**WORK INSTRUCTIONS:**
The material below holds a span beginning at the line with "В этом домике провел он свое детство." and ending at the line with "Шестьдесят лет назад, 21". Quote that span exactly, both ends included, and only that span.

**PROVIDED MATERIAL:**
+++
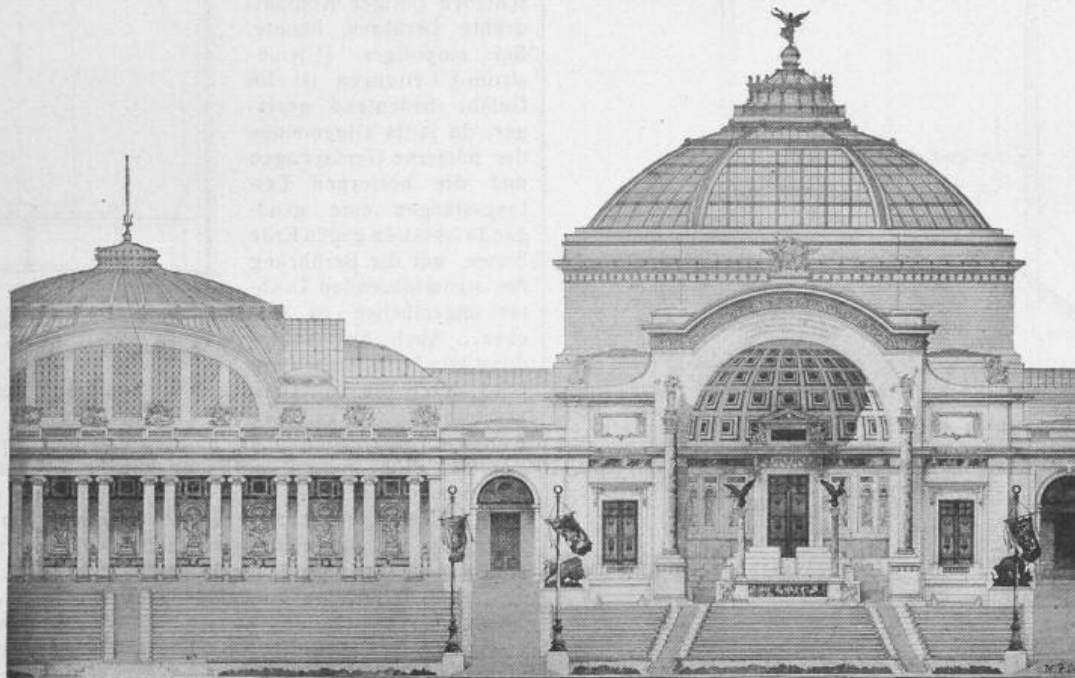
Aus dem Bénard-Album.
+++
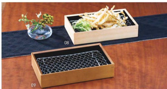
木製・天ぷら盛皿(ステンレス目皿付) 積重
+++
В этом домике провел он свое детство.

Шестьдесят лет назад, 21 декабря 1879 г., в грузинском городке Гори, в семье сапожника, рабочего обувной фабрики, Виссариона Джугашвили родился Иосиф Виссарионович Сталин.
+++
**SOLUTION:**
В этом домике провел он свое детство.

Шестьдесят лет назад, 21 декабря 1879 г., в грузинском городке Гори, в семье сапожника, рабочего обувной фабрики, Виссариона Джугашвили родился Иосиф Виссарионович Сталин.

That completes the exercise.